■ **Problem description**
Where the records below show a line containing "- Contemporary and", start copying; end with the line containing "- Fortschrittlicher optischer", and copy it too.

Items from a dataset
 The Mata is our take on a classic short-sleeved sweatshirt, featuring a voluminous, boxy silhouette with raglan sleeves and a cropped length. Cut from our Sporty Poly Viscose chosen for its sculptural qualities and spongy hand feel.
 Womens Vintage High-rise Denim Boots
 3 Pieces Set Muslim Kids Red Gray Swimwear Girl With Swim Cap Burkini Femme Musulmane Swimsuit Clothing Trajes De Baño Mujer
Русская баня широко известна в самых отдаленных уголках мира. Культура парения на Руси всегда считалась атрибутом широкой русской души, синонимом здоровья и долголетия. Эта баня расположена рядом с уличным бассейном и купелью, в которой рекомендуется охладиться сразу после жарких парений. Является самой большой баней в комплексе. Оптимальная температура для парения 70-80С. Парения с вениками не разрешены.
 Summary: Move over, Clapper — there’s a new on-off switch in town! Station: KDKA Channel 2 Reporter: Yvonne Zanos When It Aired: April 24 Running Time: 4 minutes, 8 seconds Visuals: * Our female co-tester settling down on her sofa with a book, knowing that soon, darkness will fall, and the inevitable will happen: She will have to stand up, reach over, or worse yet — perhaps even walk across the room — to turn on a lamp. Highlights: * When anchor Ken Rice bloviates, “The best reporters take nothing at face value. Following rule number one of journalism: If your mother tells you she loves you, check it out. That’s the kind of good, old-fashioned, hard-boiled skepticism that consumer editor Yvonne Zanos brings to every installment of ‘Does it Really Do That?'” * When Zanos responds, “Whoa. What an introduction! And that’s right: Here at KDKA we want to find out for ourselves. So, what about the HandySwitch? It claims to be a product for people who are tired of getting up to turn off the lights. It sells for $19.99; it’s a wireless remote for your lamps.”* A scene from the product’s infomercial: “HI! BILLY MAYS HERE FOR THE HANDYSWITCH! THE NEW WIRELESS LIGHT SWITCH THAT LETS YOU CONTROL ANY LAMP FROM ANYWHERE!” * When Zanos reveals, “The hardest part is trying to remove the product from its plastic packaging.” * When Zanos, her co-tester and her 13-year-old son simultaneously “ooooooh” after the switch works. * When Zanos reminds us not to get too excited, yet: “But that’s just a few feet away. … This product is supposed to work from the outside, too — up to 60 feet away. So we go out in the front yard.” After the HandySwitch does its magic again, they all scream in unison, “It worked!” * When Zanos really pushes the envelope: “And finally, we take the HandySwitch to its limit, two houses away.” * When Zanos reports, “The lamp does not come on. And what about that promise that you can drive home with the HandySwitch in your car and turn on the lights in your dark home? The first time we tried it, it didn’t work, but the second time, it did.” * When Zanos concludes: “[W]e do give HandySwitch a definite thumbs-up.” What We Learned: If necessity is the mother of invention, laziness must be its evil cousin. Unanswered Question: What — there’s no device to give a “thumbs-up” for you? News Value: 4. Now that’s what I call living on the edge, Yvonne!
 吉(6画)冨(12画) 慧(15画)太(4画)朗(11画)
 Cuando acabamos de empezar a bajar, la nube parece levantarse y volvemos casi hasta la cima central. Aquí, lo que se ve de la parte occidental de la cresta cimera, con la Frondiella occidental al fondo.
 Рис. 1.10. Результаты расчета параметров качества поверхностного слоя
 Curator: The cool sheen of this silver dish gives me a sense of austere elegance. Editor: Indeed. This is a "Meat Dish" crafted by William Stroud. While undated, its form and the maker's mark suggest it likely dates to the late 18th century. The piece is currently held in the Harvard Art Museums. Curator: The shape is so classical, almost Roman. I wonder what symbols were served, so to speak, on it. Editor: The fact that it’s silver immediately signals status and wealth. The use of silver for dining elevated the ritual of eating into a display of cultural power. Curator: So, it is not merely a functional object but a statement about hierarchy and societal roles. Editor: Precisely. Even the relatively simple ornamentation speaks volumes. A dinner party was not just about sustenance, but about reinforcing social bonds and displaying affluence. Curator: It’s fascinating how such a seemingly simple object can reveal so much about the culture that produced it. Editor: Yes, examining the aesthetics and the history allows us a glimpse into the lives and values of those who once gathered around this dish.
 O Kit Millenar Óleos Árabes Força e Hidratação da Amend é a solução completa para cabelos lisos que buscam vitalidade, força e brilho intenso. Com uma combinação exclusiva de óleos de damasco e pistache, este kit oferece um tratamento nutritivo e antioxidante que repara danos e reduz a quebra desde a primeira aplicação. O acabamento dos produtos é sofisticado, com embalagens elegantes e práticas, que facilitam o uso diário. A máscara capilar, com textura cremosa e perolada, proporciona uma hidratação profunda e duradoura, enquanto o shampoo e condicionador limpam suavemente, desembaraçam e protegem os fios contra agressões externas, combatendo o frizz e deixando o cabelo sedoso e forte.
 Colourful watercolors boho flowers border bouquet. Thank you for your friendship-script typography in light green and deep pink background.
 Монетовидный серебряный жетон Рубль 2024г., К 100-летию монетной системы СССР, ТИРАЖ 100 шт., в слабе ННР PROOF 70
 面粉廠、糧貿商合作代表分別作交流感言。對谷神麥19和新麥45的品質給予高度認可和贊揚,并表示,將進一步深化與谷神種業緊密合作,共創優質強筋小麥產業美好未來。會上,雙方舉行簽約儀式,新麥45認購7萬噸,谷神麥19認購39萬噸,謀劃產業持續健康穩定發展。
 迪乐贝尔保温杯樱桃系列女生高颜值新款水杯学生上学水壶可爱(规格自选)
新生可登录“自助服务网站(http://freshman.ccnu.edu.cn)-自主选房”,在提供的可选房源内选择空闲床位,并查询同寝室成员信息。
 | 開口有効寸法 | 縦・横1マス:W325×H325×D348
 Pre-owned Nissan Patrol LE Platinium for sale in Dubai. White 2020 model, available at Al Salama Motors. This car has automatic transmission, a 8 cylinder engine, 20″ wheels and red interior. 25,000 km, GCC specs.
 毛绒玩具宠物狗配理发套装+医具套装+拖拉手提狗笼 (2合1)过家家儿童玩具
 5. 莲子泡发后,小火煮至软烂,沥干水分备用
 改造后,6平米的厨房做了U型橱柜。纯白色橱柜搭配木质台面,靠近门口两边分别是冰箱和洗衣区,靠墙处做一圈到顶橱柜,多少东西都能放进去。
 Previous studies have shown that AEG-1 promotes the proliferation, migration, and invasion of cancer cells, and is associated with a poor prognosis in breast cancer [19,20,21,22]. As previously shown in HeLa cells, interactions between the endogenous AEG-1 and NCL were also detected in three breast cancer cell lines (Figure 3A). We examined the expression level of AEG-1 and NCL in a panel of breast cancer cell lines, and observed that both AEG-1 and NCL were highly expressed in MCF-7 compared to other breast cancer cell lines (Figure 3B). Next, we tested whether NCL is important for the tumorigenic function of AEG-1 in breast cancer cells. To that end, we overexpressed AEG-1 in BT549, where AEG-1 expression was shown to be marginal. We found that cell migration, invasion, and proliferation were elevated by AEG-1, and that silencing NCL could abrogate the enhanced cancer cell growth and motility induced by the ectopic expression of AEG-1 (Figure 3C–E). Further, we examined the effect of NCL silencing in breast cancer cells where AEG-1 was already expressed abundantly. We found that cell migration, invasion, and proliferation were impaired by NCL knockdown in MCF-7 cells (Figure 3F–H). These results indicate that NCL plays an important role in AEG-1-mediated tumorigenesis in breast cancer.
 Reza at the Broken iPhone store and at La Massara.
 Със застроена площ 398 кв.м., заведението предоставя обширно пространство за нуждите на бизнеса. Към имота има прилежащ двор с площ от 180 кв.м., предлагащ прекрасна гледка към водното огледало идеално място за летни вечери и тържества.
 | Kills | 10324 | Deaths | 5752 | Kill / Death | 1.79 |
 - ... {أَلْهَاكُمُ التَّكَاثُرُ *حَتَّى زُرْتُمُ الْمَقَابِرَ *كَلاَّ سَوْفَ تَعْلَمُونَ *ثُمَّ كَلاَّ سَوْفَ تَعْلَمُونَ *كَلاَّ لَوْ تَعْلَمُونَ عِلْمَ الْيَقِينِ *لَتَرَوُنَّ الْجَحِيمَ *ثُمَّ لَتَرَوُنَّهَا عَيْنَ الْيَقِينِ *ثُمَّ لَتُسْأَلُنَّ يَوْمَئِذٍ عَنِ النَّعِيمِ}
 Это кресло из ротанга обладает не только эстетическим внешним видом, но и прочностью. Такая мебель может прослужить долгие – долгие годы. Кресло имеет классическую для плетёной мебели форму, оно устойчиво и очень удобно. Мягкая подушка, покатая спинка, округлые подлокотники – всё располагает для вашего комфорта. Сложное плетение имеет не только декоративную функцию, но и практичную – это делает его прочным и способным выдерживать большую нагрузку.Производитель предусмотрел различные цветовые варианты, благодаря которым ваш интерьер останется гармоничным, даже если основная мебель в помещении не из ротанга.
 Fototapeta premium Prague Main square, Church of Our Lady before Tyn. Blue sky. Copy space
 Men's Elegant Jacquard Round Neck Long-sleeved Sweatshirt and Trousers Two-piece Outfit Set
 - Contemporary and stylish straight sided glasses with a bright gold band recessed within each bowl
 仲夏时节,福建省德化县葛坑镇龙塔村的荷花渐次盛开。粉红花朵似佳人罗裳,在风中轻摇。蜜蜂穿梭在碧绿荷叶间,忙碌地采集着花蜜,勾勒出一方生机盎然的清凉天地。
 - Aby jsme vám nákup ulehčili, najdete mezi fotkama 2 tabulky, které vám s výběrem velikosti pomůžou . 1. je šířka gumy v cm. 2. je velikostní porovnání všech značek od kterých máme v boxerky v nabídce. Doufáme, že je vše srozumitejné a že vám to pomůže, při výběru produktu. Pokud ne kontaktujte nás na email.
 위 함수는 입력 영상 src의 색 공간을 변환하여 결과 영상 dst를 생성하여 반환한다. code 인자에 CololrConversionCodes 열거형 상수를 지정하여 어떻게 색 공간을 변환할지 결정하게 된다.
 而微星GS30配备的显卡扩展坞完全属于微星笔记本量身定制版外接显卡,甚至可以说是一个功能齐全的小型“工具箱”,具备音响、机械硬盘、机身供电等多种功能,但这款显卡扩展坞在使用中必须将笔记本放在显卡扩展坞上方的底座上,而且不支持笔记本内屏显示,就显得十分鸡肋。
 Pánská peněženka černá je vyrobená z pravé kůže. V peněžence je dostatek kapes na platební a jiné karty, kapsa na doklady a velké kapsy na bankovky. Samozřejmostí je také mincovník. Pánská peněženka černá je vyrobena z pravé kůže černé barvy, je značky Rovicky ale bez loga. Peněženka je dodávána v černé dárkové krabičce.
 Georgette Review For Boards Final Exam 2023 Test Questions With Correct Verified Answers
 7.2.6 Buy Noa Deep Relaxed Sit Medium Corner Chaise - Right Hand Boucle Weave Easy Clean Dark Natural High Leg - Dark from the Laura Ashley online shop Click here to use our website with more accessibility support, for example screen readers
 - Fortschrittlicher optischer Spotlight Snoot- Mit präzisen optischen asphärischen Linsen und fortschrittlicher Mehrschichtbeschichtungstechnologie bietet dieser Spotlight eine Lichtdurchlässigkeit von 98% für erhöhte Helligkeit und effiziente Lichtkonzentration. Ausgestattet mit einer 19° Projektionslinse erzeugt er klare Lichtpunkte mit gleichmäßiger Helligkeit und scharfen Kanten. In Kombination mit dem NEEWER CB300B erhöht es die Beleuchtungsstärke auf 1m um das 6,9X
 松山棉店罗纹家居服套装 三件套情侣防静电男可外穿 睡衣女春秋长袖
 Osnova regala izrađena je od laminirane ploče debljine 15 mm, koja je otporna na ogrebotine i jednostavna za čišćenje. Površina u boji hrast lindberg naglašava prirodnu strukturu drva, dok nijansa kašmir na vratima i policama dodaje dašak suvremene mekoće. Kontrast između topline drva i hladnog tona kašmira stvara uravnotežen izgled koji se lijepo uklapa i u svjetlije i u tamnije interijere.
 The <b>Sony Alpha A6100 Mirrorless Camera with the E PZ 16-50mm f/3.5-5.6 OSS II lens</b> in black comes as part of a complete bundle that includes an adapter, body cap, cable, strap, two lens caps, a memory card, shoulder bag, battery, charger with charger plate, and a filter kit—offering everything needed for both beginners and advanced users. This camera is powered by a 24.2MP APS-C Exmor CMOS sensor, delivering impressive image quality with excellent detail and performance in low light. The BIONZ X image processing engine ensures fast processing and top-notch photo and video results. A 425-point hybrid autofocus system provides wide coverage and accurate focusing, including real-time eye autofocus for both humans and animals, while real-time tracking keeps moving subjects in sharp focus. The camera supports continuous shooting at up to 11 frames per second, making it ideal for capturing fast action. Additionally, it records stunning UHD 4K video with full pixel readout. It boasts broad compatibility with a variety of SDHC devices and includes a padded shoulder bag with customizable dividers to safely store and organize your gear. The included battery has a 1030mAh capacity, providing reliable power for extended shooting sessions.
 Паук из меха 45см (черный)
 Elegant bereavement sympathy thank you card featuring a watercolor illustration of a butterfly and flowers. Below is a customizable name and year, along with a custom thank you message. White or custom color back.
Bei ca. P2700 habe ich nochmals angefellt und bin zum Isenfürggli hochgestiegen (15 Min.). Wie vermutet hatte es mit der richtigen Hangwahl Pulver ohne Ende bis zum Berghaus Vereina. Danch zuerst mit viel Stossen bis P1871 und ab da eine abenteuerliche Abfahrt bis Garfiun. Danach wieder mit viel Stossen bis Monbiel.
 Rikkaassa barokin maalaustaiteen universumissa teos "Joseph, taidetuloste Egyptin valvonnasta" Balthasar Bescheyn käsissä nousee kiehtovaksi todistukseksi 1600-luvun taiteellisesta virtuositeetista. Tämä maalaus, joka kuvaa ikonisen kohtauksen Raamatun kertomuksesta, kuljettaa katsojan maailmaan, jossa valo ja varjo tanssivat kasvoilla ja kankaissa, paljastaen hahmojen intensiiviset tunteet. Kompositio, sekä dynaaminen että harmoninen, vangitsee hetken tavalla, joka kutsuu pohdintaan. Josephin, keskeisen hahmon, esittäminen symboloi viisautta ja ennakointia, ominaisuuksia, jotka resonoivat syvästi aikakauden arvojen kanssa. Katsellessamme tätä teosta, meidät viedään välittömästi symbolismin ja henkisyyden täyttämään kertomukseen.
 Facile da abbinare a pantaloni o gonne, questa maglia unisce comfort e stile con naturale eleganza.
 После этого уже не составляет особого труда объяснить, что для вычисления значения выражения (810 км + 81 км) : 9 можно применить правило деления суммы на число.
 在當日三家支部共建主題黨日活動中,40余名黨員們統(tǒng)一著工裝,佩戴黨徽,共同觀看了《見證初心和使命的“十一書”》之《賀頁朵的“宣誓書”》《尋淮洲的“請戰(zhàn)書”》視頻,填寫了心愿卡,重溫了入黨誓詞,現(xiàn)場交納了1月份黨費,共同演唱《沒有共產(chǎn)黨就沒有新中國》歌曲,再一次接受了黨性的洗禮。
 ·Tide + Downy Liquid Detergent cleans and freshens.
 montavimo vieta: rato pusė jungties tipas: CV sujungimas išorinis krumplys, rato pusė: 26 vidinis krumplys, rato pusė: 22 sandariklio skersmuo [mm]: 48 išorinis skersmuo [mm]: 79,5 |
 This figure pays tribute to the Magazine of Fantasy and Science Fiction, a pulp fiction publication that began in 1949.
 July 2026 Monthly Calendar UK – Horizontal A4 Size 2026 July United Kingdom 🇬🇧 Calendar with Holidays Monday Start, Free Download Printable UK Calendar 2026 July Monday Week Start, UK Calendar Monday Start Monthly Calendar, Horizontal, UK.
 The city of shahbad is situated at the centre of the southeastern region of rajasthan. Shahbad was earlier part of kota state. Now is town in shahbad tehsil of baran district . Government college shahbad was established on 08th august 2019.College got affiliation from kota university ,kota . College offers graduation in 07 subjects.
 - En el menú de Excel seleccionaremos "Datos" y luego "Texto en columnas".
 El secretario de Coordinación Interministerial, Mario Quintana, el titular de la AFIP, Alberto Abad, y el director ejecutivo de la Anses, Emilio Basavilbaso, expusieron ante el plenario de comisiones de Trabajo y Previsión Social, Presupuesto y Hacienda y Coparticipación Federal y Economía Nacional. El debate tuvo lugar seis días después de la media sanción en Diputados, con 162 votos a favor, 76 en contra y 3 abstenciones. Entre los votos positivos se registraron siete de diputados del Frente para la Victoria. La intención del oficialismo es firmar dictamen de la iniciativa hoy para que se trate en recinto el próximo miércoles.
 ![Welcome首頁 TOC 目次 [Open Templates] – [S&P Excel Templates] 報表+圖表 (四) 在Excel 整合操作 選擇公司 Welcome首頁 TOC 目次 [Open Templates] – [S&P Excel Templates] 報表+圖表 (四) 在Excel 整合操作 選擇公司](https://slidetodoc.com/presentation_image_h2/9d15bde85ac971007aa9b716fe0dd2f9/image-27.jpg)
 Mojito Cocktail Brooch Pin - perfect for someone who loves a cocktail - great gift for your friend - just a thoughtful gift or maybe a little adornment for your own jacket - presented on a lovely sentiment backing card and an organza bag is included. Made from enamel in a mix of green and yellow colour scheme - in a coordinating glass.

■ **Your response**
 - Contemporary and stylish straight sided glasses with a bright gold band recessed within each bowl
 仲夏时节,福建省德化县葛坑镇龙塔村的荷花渐次盛开。粉红花朵似佳人罗裳,在风中轻摇。蜜蜂穿梭在碧绿荷叶间,忙碌地采集着花蜜,勾勒出一方生机盎然的清凉天地。
 - Aby jsme vám nákup ulehčili, najdete mezi fotkama 2 tabulky, které vám s výběrem velikosti pomůžou . 1. je šířka gumy v cm. 2. je velikostní porovnání všech značek od kterých máme v boxerky v nabídce. Doufáme, že je vše srozumitejné a že vám to pomůže, při výběru produktu. Pokud ne kontaktujte nás na email.
 위 함수는 입력 영상 src의 색 공간을 변환하여 결과 영상 dst를 생성하여 반환한다. code 인자에 CololrConversionCodes 열거형 상수를 지정하여 어떻게 색 공간을 변환할지 결정하게 된다.
 而微星GS30配备的显卡扩展坞完全属于微星笔记本量身定制版外接显卡,甚至可以说是一个功能齐全的小型“工具箱”,具备音响、机械硬盘、机身供电等多种功能,但这款显卡扩展坞在使用中必须将笔记本放在显卡扩展坞上方的底座上,而且不支持笔记本内屏显示,就显得十分鸡肋。
 Pánská peněženka černá je vyrobená z pravé kůže. V peněžence je dostatek kapes na platební a jiné karty, kapsa na doklady a velké kapsy na bankovky. Samozřejmostí je také mincovník. Pánská peněženka černá je vyrobena z pravé kůže černé barvy, je značky Rovicky ale bez loga. Peněženka je dodávána v černé dárkové krabičce.
 Georgette Review For Boards Final Exam 2023 Test Questions With Correct Verified Answers
 7.2.6 Buy Noa Deep Relaxed Sit Medium Corner Chaise - Right Hand Boucle Weave Easy Clean Dark Natural High Leg - Dark from the Laura Ashley online shop Click here to use our website with more accessibility support, for example screen readers
 - Fortschrittlicher optischer Spotlight Snoot- Mit präzisen optischen asphärischen Linsen und fortschrittlicher Mehrschichtbeschichtungstechnologie bietet dieser Spotlight eine Lichtdurchlässigkeit von 98% für erhöhte Helligkeit und effiziente Lichtkonzentration. Ausgestattet mit einer 19° Projektionslinse erzeugt er klare Lichtpunkte mit gleichmäßiger Helligkeit und scharfen Kanten. In Kombination mit dem NEEWER CB300B erhöht es die Beleuchtungsstärke auf 1m um das 6,9X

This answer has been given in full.